Records contained in a dataset
______________________________
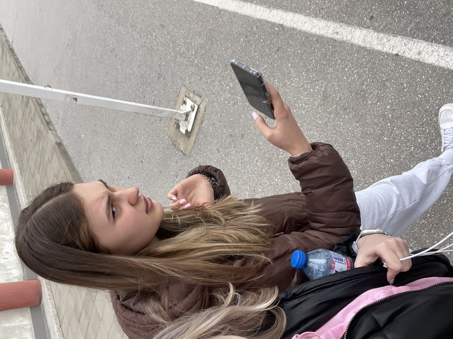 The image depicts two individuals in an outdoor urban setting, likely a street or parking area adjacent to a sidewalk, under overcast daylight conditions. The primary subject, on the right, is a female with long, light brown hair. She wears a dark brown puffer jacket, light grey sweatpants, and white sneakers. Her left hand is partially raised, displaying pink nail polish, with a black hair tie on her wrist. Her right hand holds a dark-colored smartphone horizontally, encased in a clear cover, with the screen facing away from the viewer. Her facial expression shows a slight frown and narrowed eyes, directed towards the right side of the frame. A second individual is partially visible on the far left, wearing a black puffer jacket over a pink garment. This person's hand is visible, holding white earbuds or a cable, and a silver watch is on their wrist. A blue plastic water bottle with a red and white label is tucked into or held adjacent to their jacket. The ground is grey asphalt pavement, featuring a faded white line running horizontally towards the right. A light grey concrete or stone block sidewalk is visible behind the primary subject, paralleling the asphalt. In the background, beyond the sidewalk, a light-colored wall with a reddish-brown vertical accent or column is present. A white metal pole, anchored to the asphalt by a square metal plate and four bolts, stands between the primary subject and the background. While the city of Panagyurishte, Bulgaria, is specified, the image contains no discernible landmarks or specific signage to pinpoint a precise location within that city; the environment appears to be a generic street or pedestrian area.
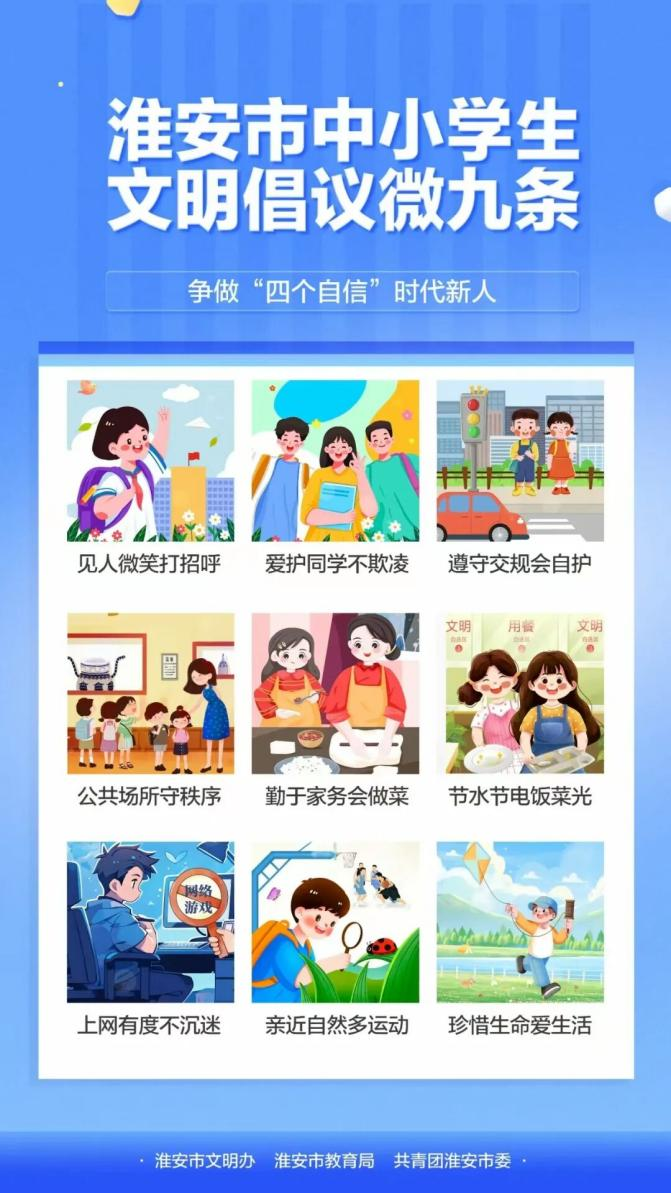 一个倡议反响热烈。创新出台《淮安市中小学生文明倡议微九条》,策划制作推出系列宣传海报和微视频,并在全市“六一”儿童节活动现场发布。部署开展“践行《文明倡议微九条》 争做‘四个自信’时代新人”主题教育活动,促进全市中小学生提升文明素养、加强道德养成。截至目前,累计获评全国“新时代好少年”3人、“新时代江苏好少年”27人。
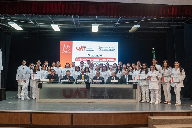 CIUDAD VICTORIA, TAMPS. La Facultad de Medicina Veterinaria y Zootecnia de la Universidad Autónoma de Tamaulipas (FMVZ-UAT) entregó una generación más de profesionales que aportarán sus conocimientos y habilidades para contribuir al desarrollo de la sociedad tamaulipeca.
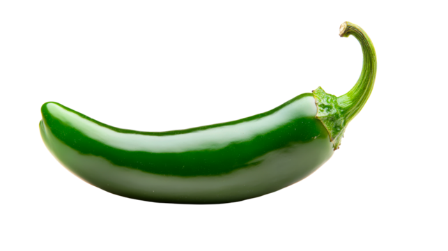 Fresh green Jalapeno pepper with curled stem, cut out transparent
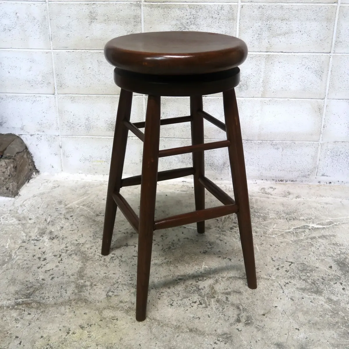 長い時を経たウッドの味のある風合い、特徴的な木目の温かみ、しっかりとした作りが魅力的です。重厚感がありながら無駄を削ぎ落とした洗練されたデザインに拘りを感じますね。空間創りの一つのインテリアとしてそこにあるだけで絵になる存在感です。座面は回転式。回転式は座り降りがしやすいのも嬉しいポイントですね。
______________________________
# Task goal
Write the lines out exactly, beginning at the line that holds "一个倡议反响热烈。创新出台《" and stopping after the last line of the entries; include no pictures.

# Your response
 一个倡议反响热烈。创新出台《淮安市中小学生文明倡议微九条》,策划制作推出系列宣传海报和微视频,并在全市“六一”儿童节活动现场发布。部署开展“践行《文明倡议微九条》 争做‘四个自信’时代新人”主题教育活动,促进全市中小学生提升文明素养、加强道德养成。截至目前,累计获评全国“新时代好少年”3人、“新时代江苏好少年”27人。
 CIUDAD VICTORIA, TAMPS. La Facultad de Medicina Veterinaria y Zootecnia de la Universidad Autónoma de Tamaulipas (FMVZ-UAT) entregó una generación más de profesionales que aportarán sus conocimientos y habilidades para contribuir al desarrollo de la sociedad tamaulipeca.
 Fresh green Jalapeno pepper with curled stem, cut out transparent
 長い時を経たウッドの味のある風合い、特徴的な木目の温かみ、しっかりとした作りが魅力的です。重厚感がありながら無駄を削ぎ落とした洗練されたデザインに拘りを感じますね。空間創りの一つのインテリアとしてそこにあるだけで絵になる存在感です。座面は回転式。回転式は座り降りがしやすいのも嬉しいポイントですね。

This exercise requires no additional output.